Нам обоим кажется, что мы ведем друг с другом бессмысленную битву. Рауль не сможет изменить меня, а я не переделаю его.
– Помнишь, на «Земле-1» были медведи-вегетарианцы? – спрашивает Рауль.
– Панды?
– Да, вспомни-ка. Возможно, им надоели их когти, надоело кусаться и убивать. Они принялись жевать бамбук и оказались на грани исчезновения.
– Ты бы на моем месте…
– Я бы захватил столицу. Без малейшего колебания. Это игра. Как только ты начал колебаться, я тут же понял, что ты слабее своего генерала. Я ведь догадался, что это ты послал ему сон, который заставил его выйти из игры. Смертные не настолько глупы! Он подумал и решил оставить начатое дело. Слабые размышляют и сидят сложа руки, а сильные не задают вопросов и действуют. Позже, если дело не выгорит, они принесут извинения, скажут, что все вышло случайно, или найдут офицера, на которого свалят всю вину.

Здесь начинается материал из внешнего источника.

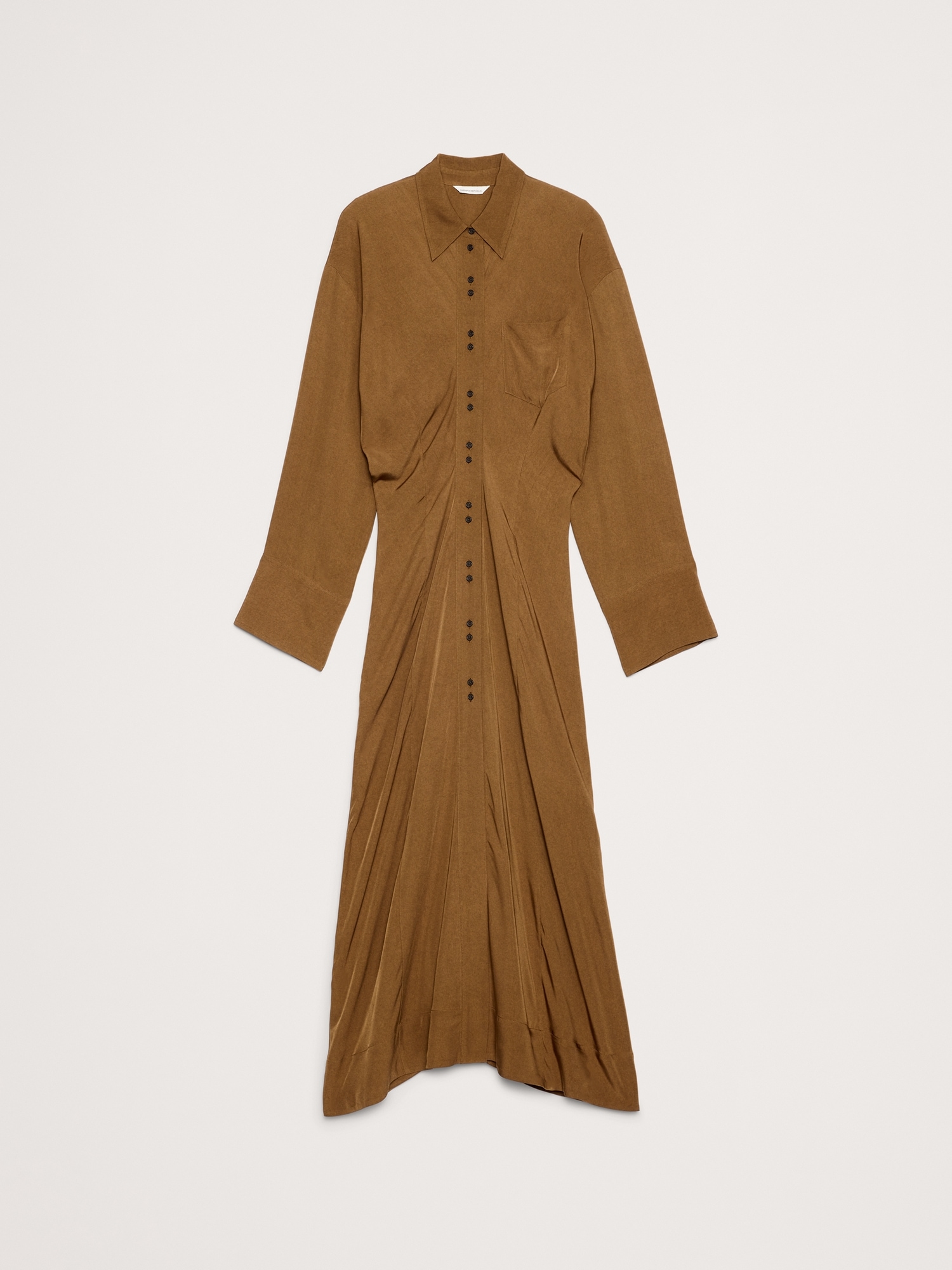 We love a shirt dress because you can wear them basically everywhere. Here, we kept the fit easy through the shoulders and chest, but defined the waist. Cut in our drapey twill so it’s a bit more dressed up.

Может быть, Рауль прав. Я стою не больше, чем Теотим, который медлил на ринге, вместо того чтобы мстить за себя. Страх победить, неспособность держать оборону до конца, боязнь что-либо разрушить, оказаться перед необходимостью проявить такую же жестокость, что и противник, поступать так же, как он.
Мой Освободитель отказался нанести последний удар. Я знаю, он не мог себе представить, как будет разорять, насиловать, грабить город, у которого больше не было сил защищаться. Ему казалось, что этим он унизит себя. Он вернулся домой с гордо поднятой головой. И вот к чему это привело.
Рауль стоит на своем.
– DelendaestCarthago, – мрачно говорит он. Слова римского генерала Сципиона, собиравшегося разрушить вражескую столицу. «Карфаген должен быть разрушен».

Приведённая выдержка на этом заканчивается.